Leave out every picture, then transcribe the rest of the listing exactly.

** Opening Supplied information block **

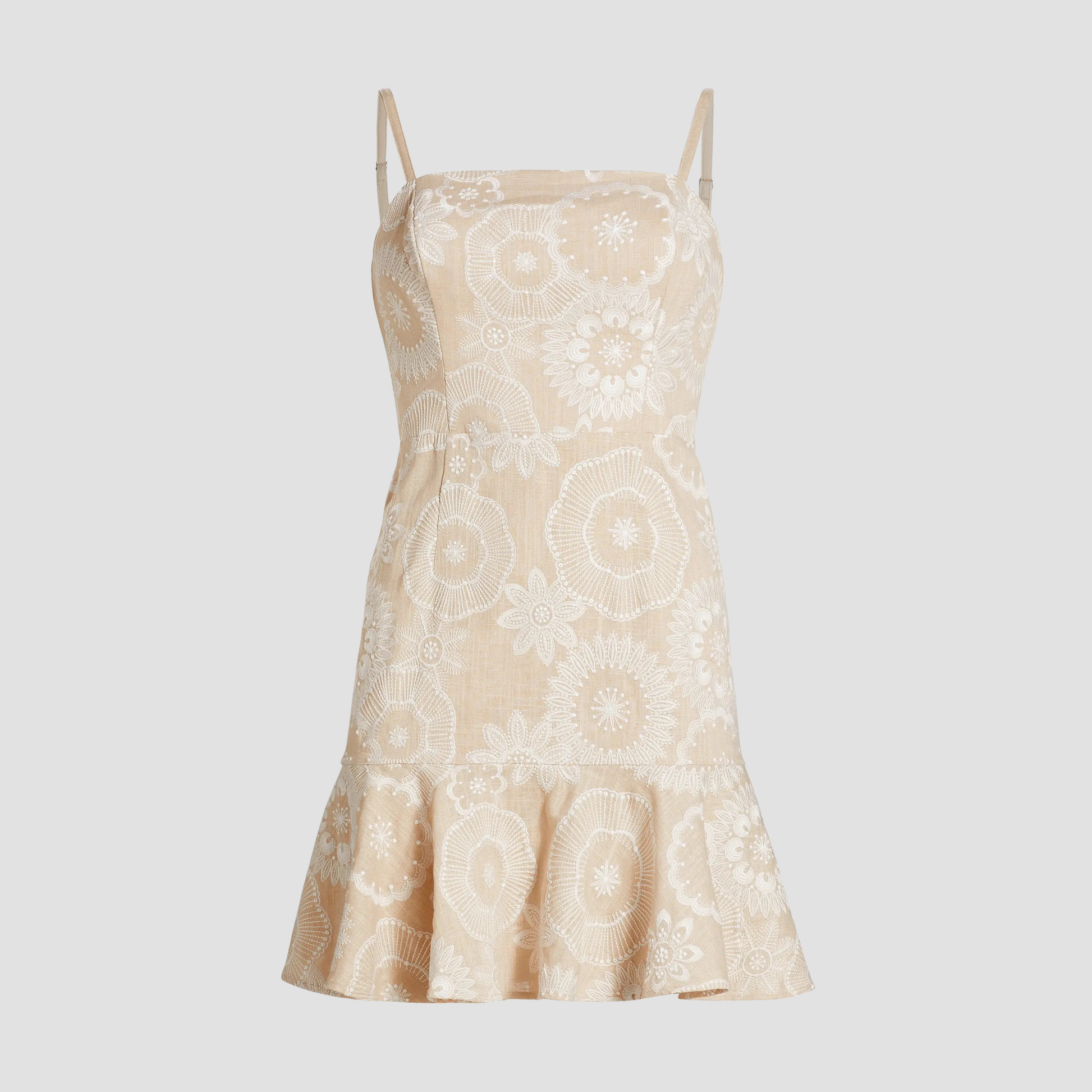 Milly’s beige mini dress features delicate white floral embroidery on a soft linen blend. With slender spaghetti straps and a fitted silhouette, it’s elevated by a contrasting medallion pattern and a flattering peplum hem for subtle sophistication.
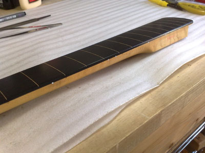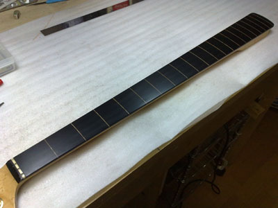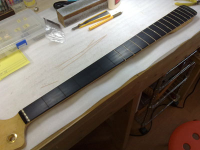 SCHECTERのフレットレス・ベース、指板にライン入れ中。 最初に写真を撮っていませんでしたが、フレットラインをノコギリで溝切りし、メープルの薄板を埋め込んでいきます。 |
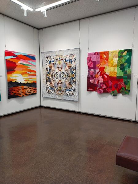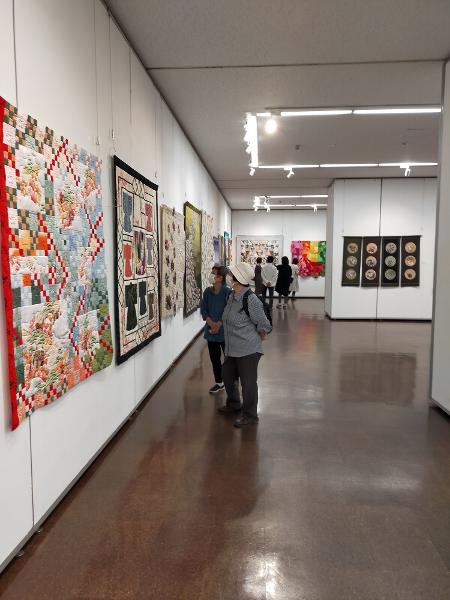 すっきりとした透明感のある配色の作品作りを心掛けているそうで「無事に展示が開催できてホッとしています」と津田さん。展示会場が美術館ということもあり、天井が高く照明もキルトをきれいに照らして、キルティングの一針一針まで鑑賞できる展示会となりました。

** Closing Supplied information block **

**Exercise response:**
 Milly’s beige mini dress features delicate white floral embroidery on a soft linen blend. With slender spaghetti straps and a fitted silhouette, it’s elevated by a contrasting medallion pattern and a flattering peplum hem for subtle sophistication.
 SCHECTERのフレットレス・ベース、指板にライン入れ中。 最初に写真を撮っていませんでしたが、フレットラインをノコギリで溝切りし、メープルの薄板を埋め込んでいきます。 |
 すっきりとした透明感のある配色の作品作りを心掛けているそうで「無事に展示が開催できてホッとしています」と津田さん。展示会場が美術館ということもあり、天井が高く照明もキルトをきれいに照らして、キルティングの一針一針まで鑑賞できる展示会となりました。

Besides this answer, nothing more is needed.